Wicker was the best sniper in the free world.

“I kind of like the Taliban’s way of saying hello,” Scott said, pitching his voice loud enough for his entire team to hear. “Nothing says you’re not in Kansas anymore like watching the jihadis blow the shit out of a volleyball court.”

Chuckles greeted his words, but Scott knew the men had received the message. The Taliban’s aim had been off, and the rockets had impacted an empty section of the FOB, causing damage but no injuries. They’d been lucky.

This time.

But only a fool relied on luck in a war zone. To be fair, the three men with Coleman weren’t exactly combat novices. All had multiple tours of duty in Afghanistan, Iraq, or both under their belts. Though he’d once been the commander of SEAL Team 6, Scott had left active duty long ago, but his work for Rapp had taken him to those same places. When it came to combat, Coleman didn’t believe in playing fair. He stacked the deck by only choosing to work with the very best.

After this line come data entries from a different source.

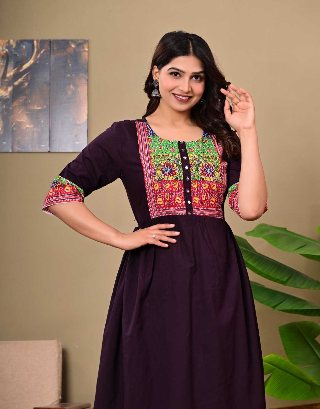✔ Elegant deep purple colour with ethnic embroidery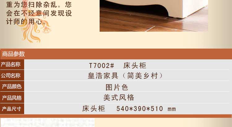 皇浩家具新款美式床头柜卧室收纳柜储物床边柜板木床头柜T7002#床头柜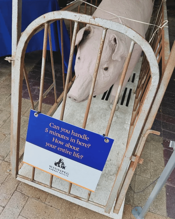 A replica of how female "breeder pigs" spend their lives in factory farms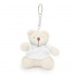 Uroczy brelok z misiem ubranym w kolorową koszulkę, wykonany z miękkiego poliestru.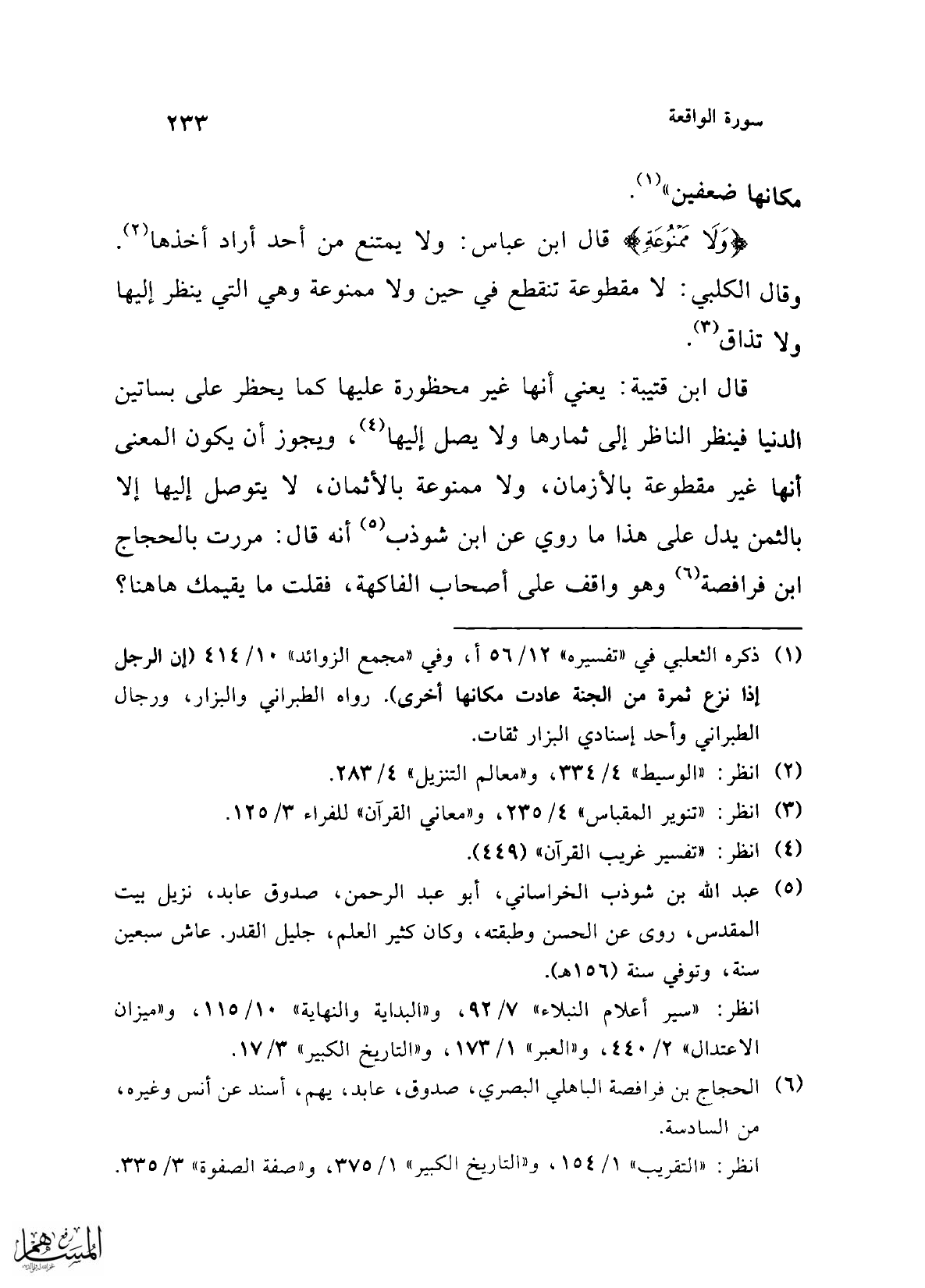 قال ابن قتيبة: يعني أنها غير محظورة عليها كما يحظر على بساتين الدنيا فينظر الناظر إلى ثمارها ولا يصل إليها (¬4)، ويجوز أن يكون المعنى أنها غير مقطوعة بالأزمان، ولا ممنوعة بالأثمان، لا يتوصل إليها إلا بالثمن يدل على هذا ما روي عن ابن شوذب (¬5) أنه قال: مررت بالحجاج ابن فرافصة (¬6) وهو واقف على أصحاب الفاكهة، فقلت ما يقيمك هاهنا؟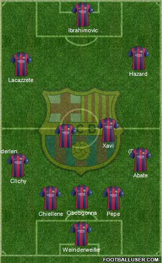 Weinderweiller · Chiellene · Pepe · Obobgonna · Clichy · Abate · Sneiderlen. (Dmf) · Xavi · Lacazzete · Hazard · Ibrahimovic

These three men more than met that qualification.

“Didn’t need a rocket barrage to remind me where I’m at,” Maslick said. “The display at the end of the flight line did the trick.”

Mas’s comment resonated with Scott.

While scrambling for the bunker, the operators had sprinted past a makeshift memorial to the Rangers killed in the recent Chinook shootdown. Seven tan berets rested atop seven rifles thrust muzzle-down into seven pairs of brown desert combat boots. According to scuttlebutt from troops on the C-130, another twelve Rangers had been injured during the crash sequence.

Like most members of the special operations community, Coleman had mixed feelings about the Chinook helicopters he and his fellow SEALs often rode into battle. On the one hand, the aircraft were fast and powerful enough to ascend to the high mountain passes favored by the Taliban. A Chinook’s cavernous crew compartment could deliver the same number of special operators in one trip that would require two Black Hawks or multiple MH Little Bird helicopters.

But the flying dump trucks also came with some negatives.

Though the 160th pilots who piloted the enormous aircraft were capable of astounding feats of airmanship, the massive helicopters would never be called nimble. Chinooks were huge targets, and their large passenger capacity often translated into a devastatingly high casualty list when the helicopters were brought down by enemy fire. In Iraq, Chinooks had been banned from flying during the daylight hours because of their propensity to draw enemy missiles. The recent shootdown was even more troubling from a tactical perspective since the aircraft had been brought down when Chinooks were generally considered invincible—at night.

“Do you know any of the casualties?” Coleman said.